Yet Kristof and WuDunn are upbeat about China’s future. They do not predict the dawning of democracy but believe that “China will flourish and evolve”. Orville Schell would concur, and his superb “Mandate of Heaven” offers ample evidence of the new dynamism in Chinese society. With an economy that has grown at 9% per annum over the last decade and was the world’s largest recipient of foreign investment in 1993, China is slated to overtake the gross national product of Japan by 2000 and the United States by 2010.

The rise of China as the superpower of the 21st Century is a distinct possibility. Accommodating China as a rising power--economically, militarily and politically--will be a principal challenge to the international community and American foreign policy in the years to come. However, given the myriad developments that the market has spawned, as described in these two books, the China juggernaut could just as easily come off the rails.
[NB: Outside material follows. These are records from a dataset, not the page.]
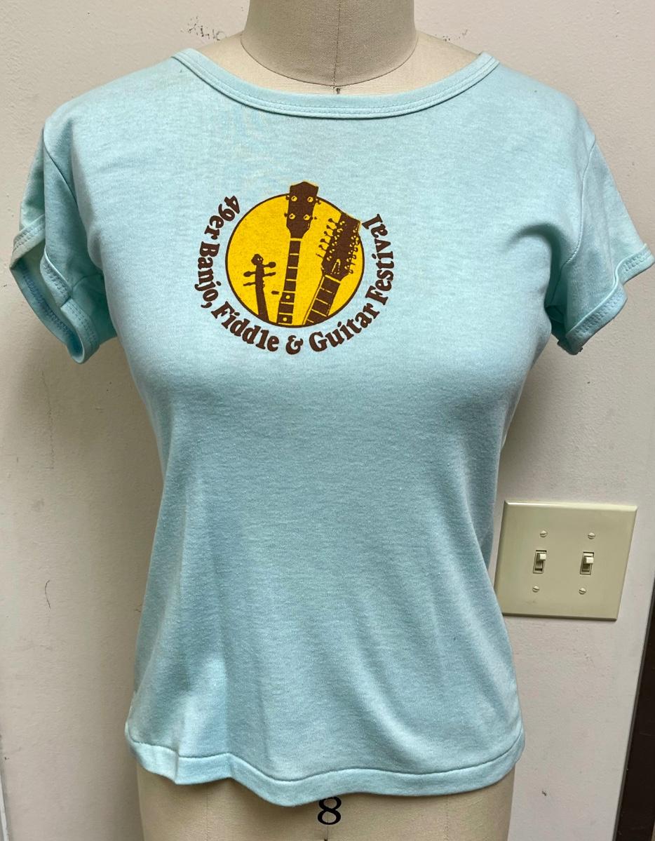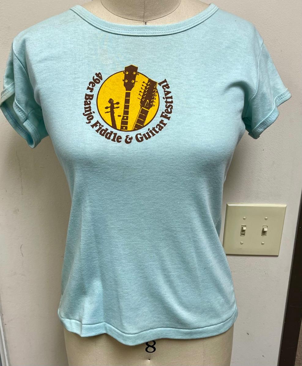 Banjo, Fiddle & Guitar Festival T-shirt Light Blue Women's size L large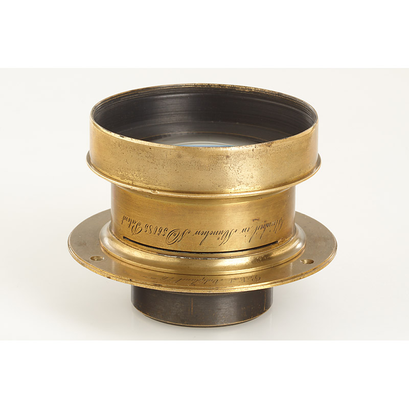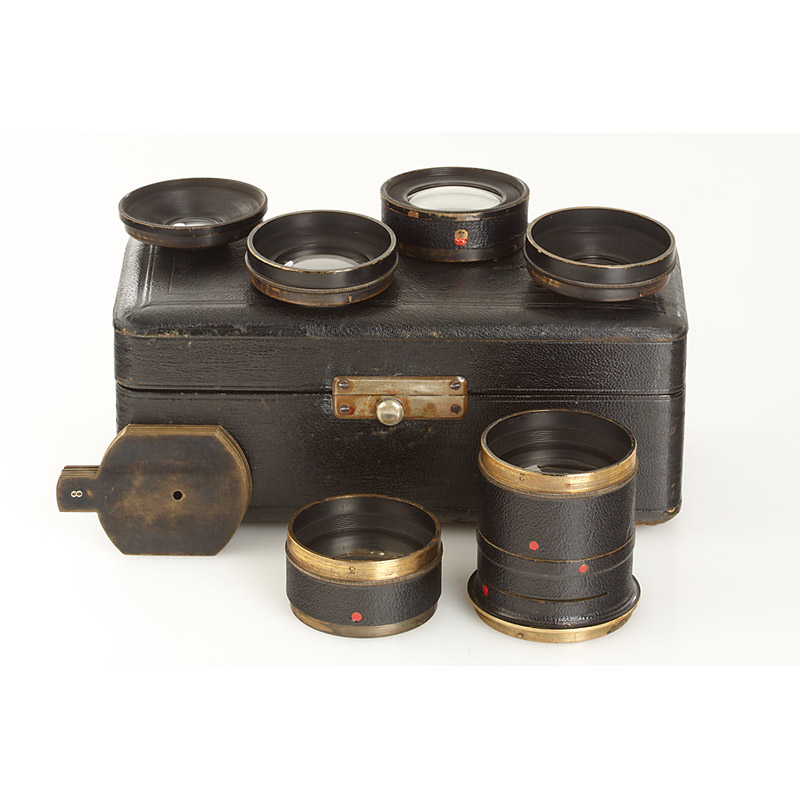 (1) Portrait-Antiplanet 76mm no.36083 with some small marks, approx. focal length 25cm, front lens diameter c.7.5cm, rear lens diameter c.5.5cm, total height incl. hood c.9cm, (2) lens engraved 'Steinheil in München No.5490 Patent', approx. 80cm focal length, lens diameter c.8.5cm, rear lens diameter c. 7cm, mounting ring, total height c.18.5cm, (3) Steinheil casket set complete with 6 lenses (14-40cm focal length depending on combination) and 8 waterhouse stops, all in fitted case (3)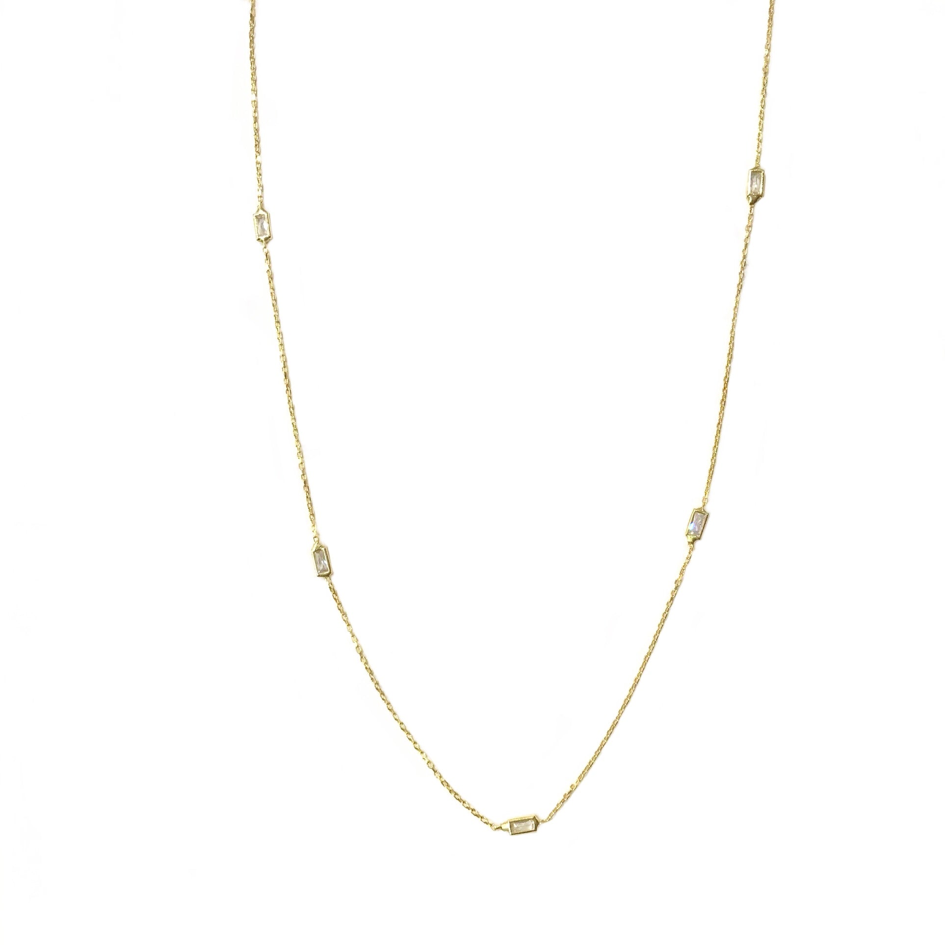 Add some charm to your outfit but adorning our dainty and classy Long Baguette Bezel Station Necklace! With baguette cubic zirconia stones stationed along the sterling silver chain, this necklace looks great with any casual or dressy outfit. Wear it by itself or add it to your special necklace layer!

It is not unfathomable that China could fragment like the former Soviet Union with various minority regions seeking their independence, or that China could convulse again in civil conflict. What is clear is that the current state of affairs is tenuous, and that the rush of foreign investment is pouring into a very volatile country. No nation of such size has undergone rapid and wrenching change of such magnitude in such a short period as has China over the past 15 years. Whether China grows strong and powerful or erupts in conflict, it will have a destabilizing effect on Asia and the United States.

Prediction of China’s future has always been hazardous, and as Kristof and WuDunn remind us “China-watching is an exercise in humiliation,” but the trajectory of change is clearly and elegantly described in these two compelling books.